### PROBLEM REQUIREMENTS:
The reply should hold only the lines below beginning at the one with "His first important" and ending at the one with "フロントに散りばめられたスタ", copied exactly, with every picture left out.

━━ RECORDS FOR THE EXERCISE ━━

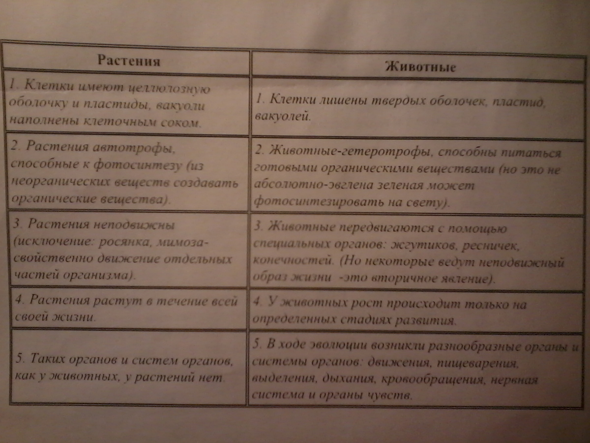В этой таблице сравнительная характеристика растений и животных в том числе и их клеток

━━━
━━ RECORDS FOR THE EXERCISE ━━

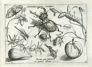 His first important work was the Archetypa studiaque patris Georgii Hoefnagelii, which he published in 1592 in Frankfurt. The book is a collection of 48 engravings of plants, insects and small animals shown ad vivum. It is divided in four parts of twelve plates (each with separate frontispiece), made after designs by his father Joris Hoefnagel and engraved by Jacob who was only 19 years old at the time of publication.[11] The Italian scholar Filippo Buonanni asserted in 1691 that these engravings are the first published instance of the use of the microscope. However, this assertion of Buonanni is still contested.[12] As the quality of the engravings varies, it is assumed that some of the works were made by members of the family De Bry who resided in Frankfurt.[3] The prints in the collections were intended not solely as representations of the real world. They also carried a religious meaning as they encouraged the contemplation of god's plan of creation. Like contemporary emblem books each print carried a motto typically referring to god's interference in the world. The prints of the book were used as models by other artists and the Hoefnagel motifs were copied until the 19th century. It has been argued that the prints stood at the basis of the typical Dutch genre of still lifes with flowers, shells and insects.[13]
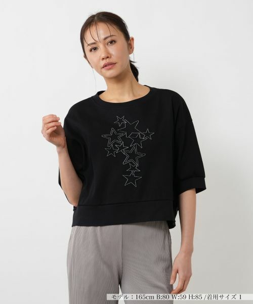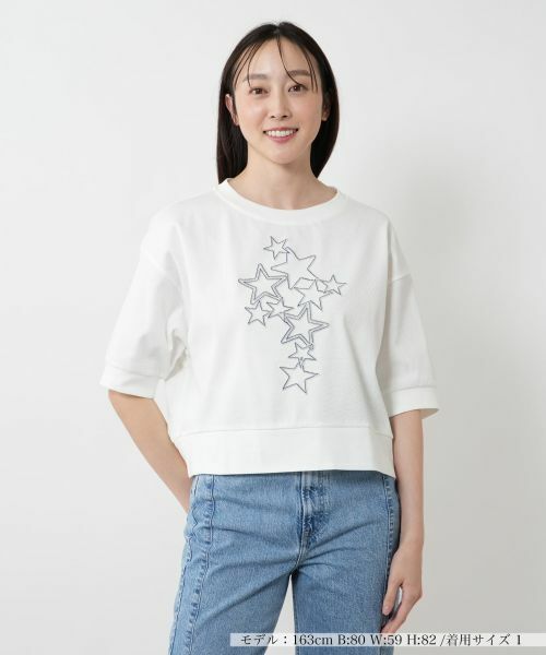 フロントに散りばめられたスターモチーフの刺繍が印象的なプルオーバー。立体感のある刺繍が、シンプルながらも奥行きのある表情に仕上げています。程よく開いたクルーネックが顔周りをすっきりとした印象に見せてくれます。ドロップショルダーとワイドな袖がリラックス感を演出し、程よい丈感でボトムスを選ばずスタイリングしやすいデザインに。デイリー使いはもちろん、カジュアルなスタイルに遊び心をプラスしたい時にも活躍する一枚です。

━━━

### RESULT:
 His first important work was the Archetypa studiaque patris Georgii Hoefnagelii, which he published in 1592 in Frankfurt. The book is a collection of 48 engravings of plants, insects and small animals shown ad vivum. It is divided in four parts of twelve plates (each with separate frontispiece), made after designs by his father Joris Hoefnagel and engraved by Jacob who was only 19 years old at the time of publication.[11] The Italian scholar Filippo Buonanni asserted in 1691 that these engravings are the first published instance of the use of the microscope. However, this assertion of Buonanni is still contested.[12] As the quality of the engravings varies, it is assumed that some of the works were made by members of the family De Bry who resided in Frankfurt.[3] The prints in the collections were intended not solely as representations of the real world. They also carried a religious meaning as they encouraged the contemplation of god's plan of creation. Like contemporary emblem books each print carried a motto typically referring to god's interference in the world. The prints of the book were used as models by other artists and the Hoefnagel motifs were copied until the 19th century. It has been argued that the prints stood at the basis of the typical Dutch genre of still lifes with flowers, shells and insects.[13]
 フロントに散りばめられたスターモチーフの刺繍が印象的なプルオーバー。立体感のある刺繍が、シンプルながらも奥行きのある表情に仕上げています。程よく開いたクルーネックが顔周りをすっきりとした印象に見せてくれます。ドロップショルダーとワイドな袖がリラックス感を演出し、程よい丈感でボトムスを選ばずスタイリングしやすいデザインに。デイリー使いはもちろん、カジュアルなスタイルに遊び心をプラスしたい時にも活躍する一枚です。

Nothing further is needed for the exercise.